You’ve noticed your dad acting a little different than usual lately. You’re worried it may have something to do with his new caregiver. You know elder abuse exists, but what types of abuse are there? And how would you know if it was taking place? Here we’ve gathered a list of common signs and perpetrators of each type of elder abuse.
According to The New England Journal of Medicine1, there are a number of risk factors which increase the likelihood of elder abuse in a situation. Most studies indicate that women are more likely to be victims of elder abuse than men. Among elderly individuals, those who live with a spouse or adult children are often more likely to experience abuse, as these are the two most likely abusers. Another risk factor is a shared living environment. Elders living with a large number of household members are at an increased risk of abuse, especially financial and physical abuse. Those with a lower income level are also associated with a higher risk of financial, emotional, and physical abuse.
Dementia is one of the greatest risk factors in elder abuse. This is especially true in cases of financial and physical elder abuse. A consistent result of studies finds that physical violence rates are 3 to 5 times higher among dementia care recipients than the general population2. Elders with functional impairment and poor physical health have also consistently been shown to have a greater risk of abuse.
The true prevalence of elder abuse cannot be specified, due to under reporting. However, the three most recent large-scale studies have found rates in the range of 7-11% in the population of 60 and older2. A prevalence of 10% is the equivalent of approximately 5,600,000 elder abuse victims age 60 and older nationwide.
This type of abuse is physical force that results in bodily injury, pain, or impairment. This includes acts of assault, battery, and inappropriate restraint. Physical abuse is generally perpetrated by acquaintances, children, and grandchildren.
- Broken bones
- Burns from cigarettes
- Rope or strap marks
- Injuries are unexplained or implausible
- Family members provide different explanations
- History of similar injuries
- Delay between injury and seeking medical care
This type of abuse includes non-consensual sexual contact of any kind. Sexual abuse is generally perpetrated by caregivers, employees of care facilities, and family members.
- Genital pain or irritation
- Bruising on inner thighs
- Difficulty sitting or walking
- Torn underclothing
- Inappropriate, unusual, or aggressive sexual behavior
- Inappropriate relationship between elder and perpetrator
This type of abuse is the intentional infliction of emotional or mental anguish through verbal or nonverbal actions. Psychological abuse can include threats or humiliation. Perpetrators of psychological abuse generally include family members, caregivers, and acquaintances.
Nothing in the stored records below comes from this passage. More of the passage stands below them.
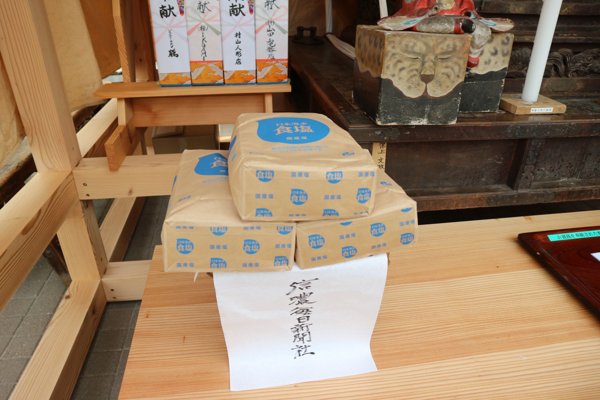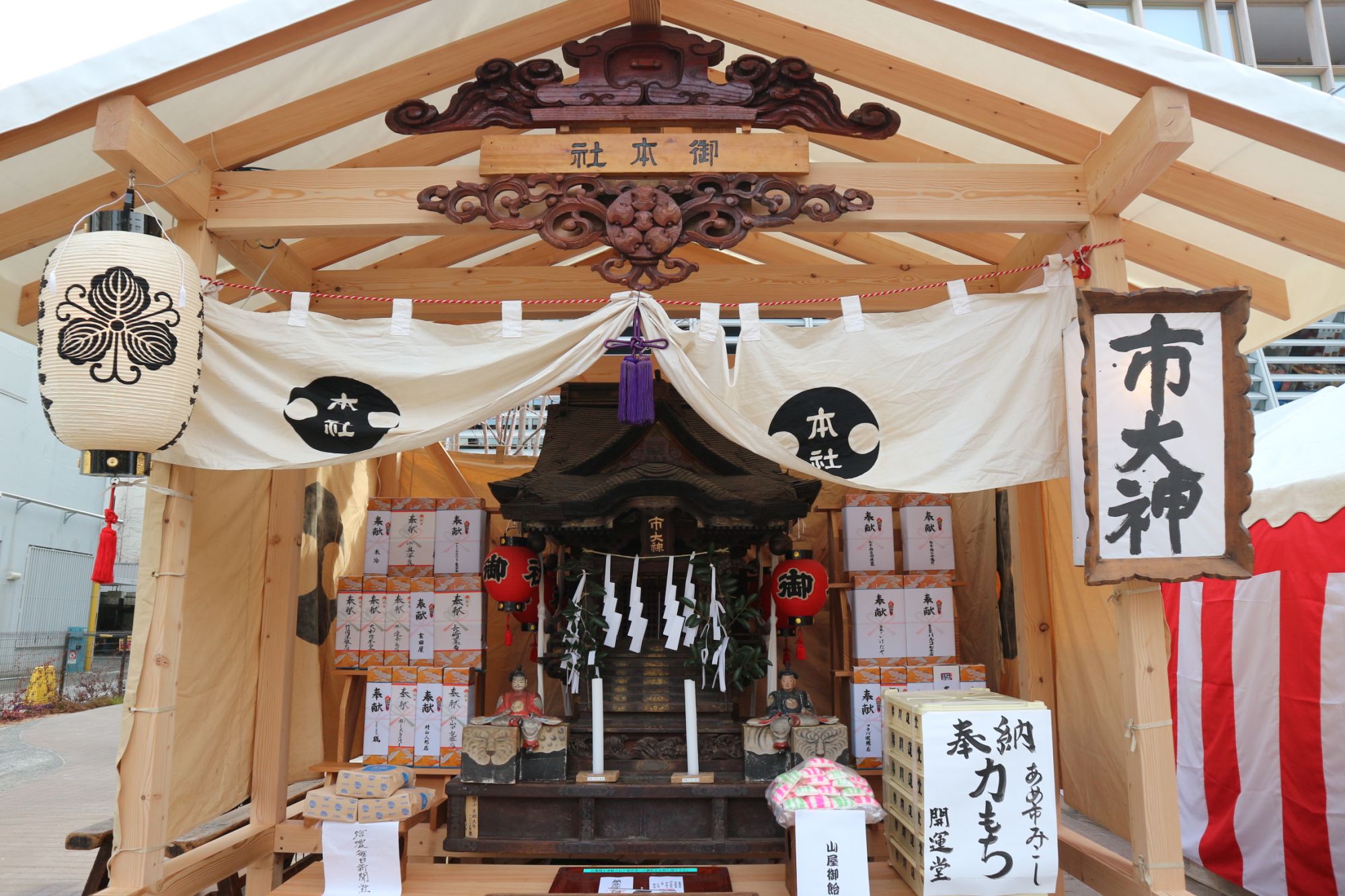 信毎メディアガーデンの前庭に本町二丁目の市神様をお迎えする拝殿が供えられています。
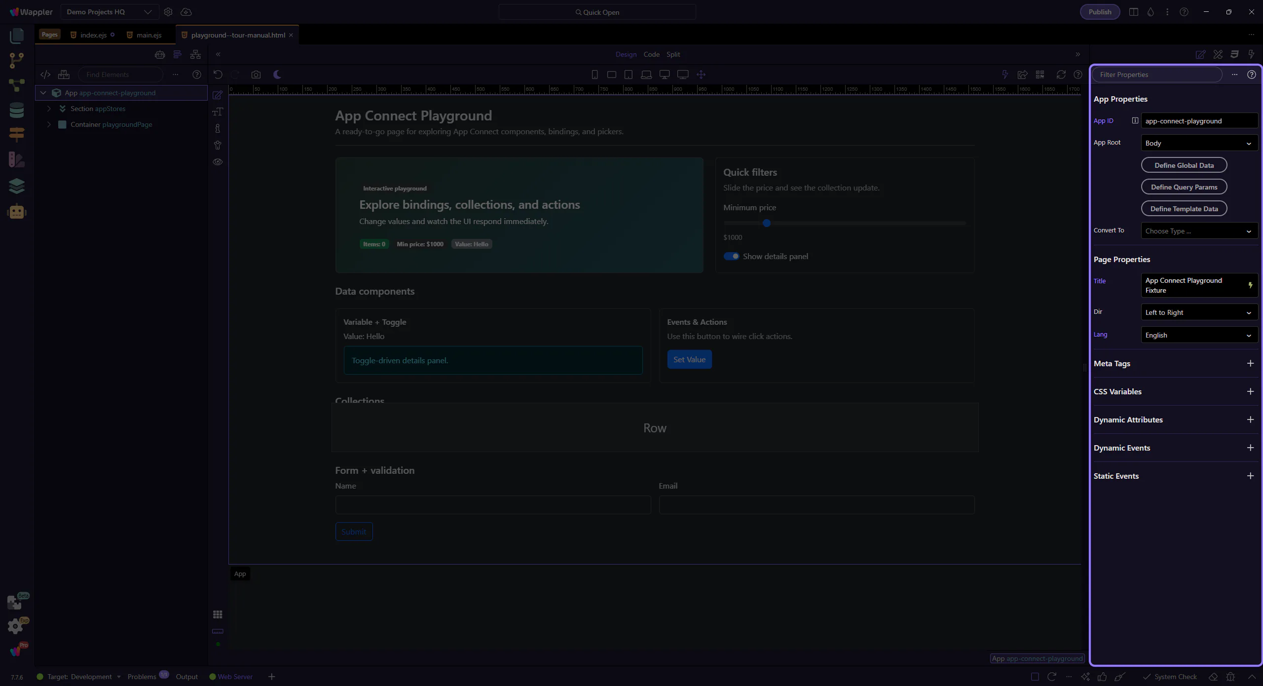 Section titled “Events & actions”This tour builds the event-to-action mental model that underpins most App Connect interactions. You will trace how a user event is configured in Properties, how Wappler stores the action list behind that event, and how the rest of the page reacts when the action runs.
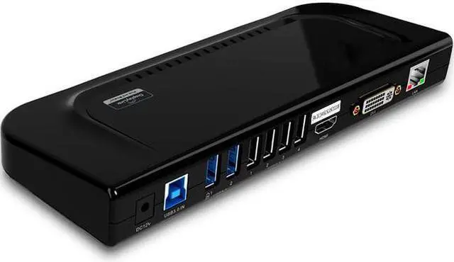 Streamline your workspace with our USB 3.0 Slim Universal Docking Station. This sleek and compact device is packed with features, including built-in audio (Mic in and Line out), DVI-I, HDMI, VGA, built-in USB3.0 Gigabit Ethernet Adapter, 2 x USB3.0 ports, and 4 x USB2.0 ports. Connect all your devices and peripherals in one place, and easily switch between your laptop and desktop, while still having access to all your peripherals. The built-in USB3.0 Gigabit Ethernet Adapter ensures stable internet connection, while the audio ports provide enhanced audio quality. The slim and compact design makes it easy to take on the go, making it perfect for on-the-go professionals and travelers. Optimize your workflow and elevate your travel experience with our USB 3.0 Slim Universal Docking Station - the ultimate in portability and connectivity.
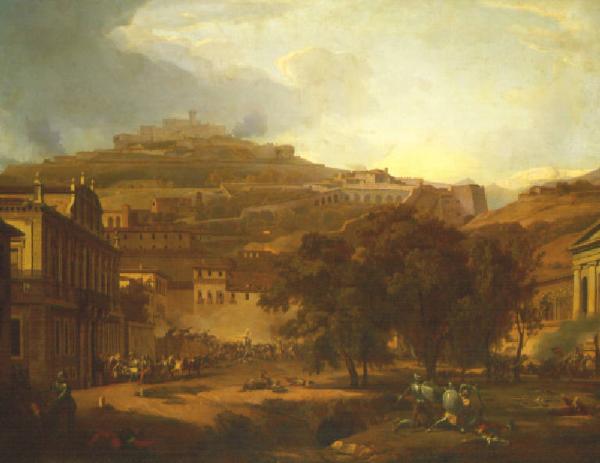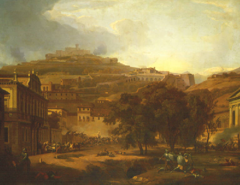 In primo piano degli armati combattono su una larga piazza; a sinistra Baiardo, in barella, è accolto da una donna sulla soglia di un palazzo; sullo sfondo il colle Cidneo e il fumo dei combattimenti.
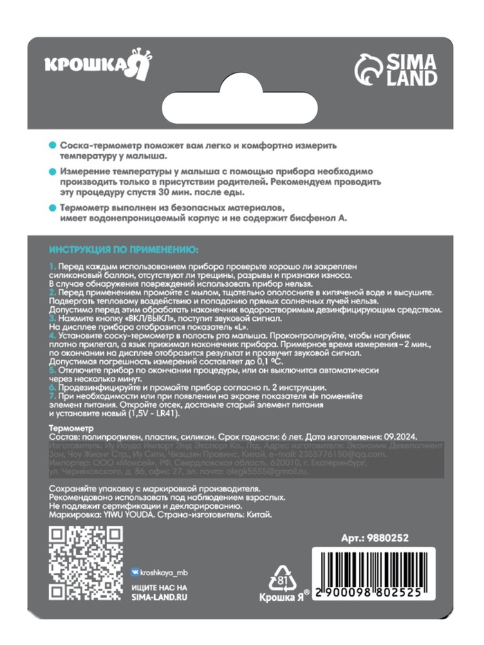 Термометр выполнен из безопасных материалов, не содержит стекла и ртути.
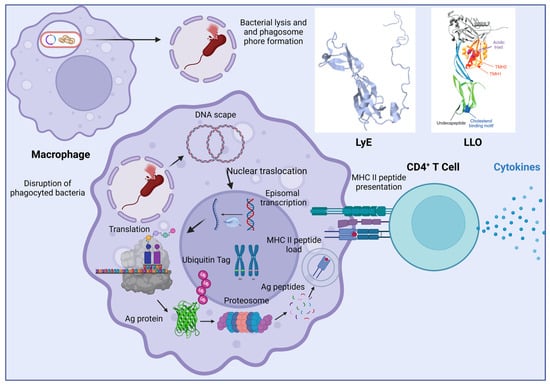 Bacterial and phagolysosome disruption, mRNA release, translation, antigen presentation, and T CD4+ activation mechanisms. In the transformed bacteria, the transcription of LyE and LLO lysins is activated under the phagolysosome’s acidic environment, releasing the cargo mRNA. This is followed by protein translation, proteasomal degradation, MHC II presentation, and subsequent CD4+ T cell activation. LyE transcription triggers bacterial lysis, while LLO transcription induces the formation of pores in the phagolysosome membrane, through which mRNA escapes.
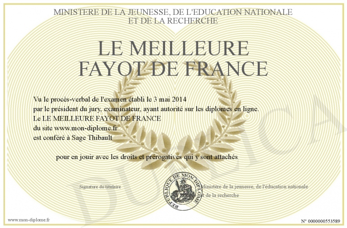 Envoyez par email votre LE MEILLEURE FAYOT DE FRANCE personalisé
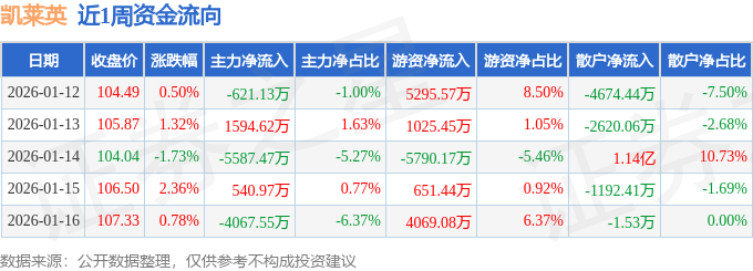 资金流向数据方面,本周凯莱英主力资金合计净流出8140.57万元,游资资金合计净流入5251.37万元,散户资金合计净流入2889.2万元。本周资金流向一览见下表:
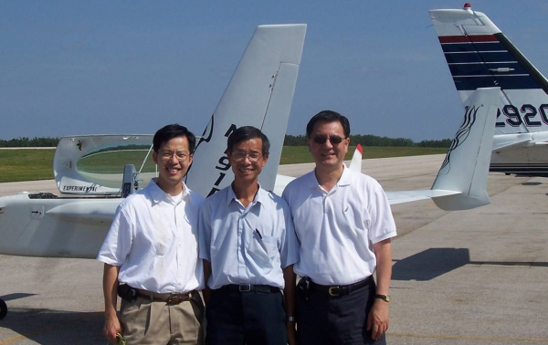 高榮德牧師(中)與教會弟兄於小型飛機前合照
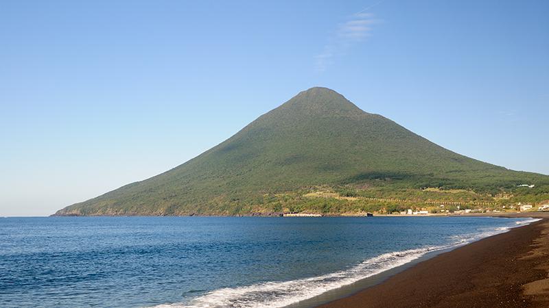 指宿スカイラインの山道から見た夕暮れの開聞岳遠望 ↓ |

- Significant weight loss or gain
- Elevated blood pressure
- Stress-related conditions
- Problems sleeping
- Emotionally withdrawn
This type of abuse is the illegal or improper use of an elder’s funds, property, or other resources. Financial abuse can include taking money or property, forging a signature, scams, fraud, and forced signing of a document the elder does not understand. Past studies have shown that financial exploitation is the most common form of elder abuse in the United States, with rates several times that of physical elder abuse2. Perpetrators of financial abuse generally include children, grandchildren, spouses, caregivers, and predatory individuals claiming love for the elder.
- Unpaid bills
- Large withdrawals or transfers
- New “best friends” or “lovers”
- Suspicious signatures on checks or documents
- Missing belongings
- Implausible explanations about finances
- Differing explanations about finances from elder and perpetrator
- Unawareness pertaining to finances
This type of abuse is failure by a caregiver to uphold their responsibilities. Neglect can be active or passive. Active neglect is intentionally withholding care or necessities, while passive neglect is the unintentional inability to provide care. Neglect is generally perpetrated by paid caregivers, family members, and employees of care facilities.
- Absence of food or water
- Lack of utilities
- Animal or insect infestation
- Empty or outdated prescription bottles
- Inadequate cleanliness
- Physical barriers in pathways
- Poor personal hygiene
- Improperly clothed for weather
- Skin rashes
Behavior of Perpetrator
- Anger or exhaustion
- Isolates elder from outside world
- Lacks caregiving skill
Behavior of Elder
- Emotional distress
- Nightmares or difficulty sleeping
- Sudden loss of appetite
- Self-destructive behavior
It is important to remember that each individual reacts differently to situations and signs of abuse may invest differently in your dad’s situation. Any sudden or unusual changes in behavior should be taken into consideration and investigated to rule out elder abuse as a cause.
1Campion, E., Lachs, M., & Pillemer, K. (2015). Elder abuse. The New England Journal of Medicine, 373(20), 1947-1956.
2Pillemer, K., Connolly, M.T., Breckman, R., Spreng, N., & Lachs, M. (2014). Elder mistreatment: Priorities for consideration by the White House Conference on Aging. The Gerontologist, 55(2), 320-327.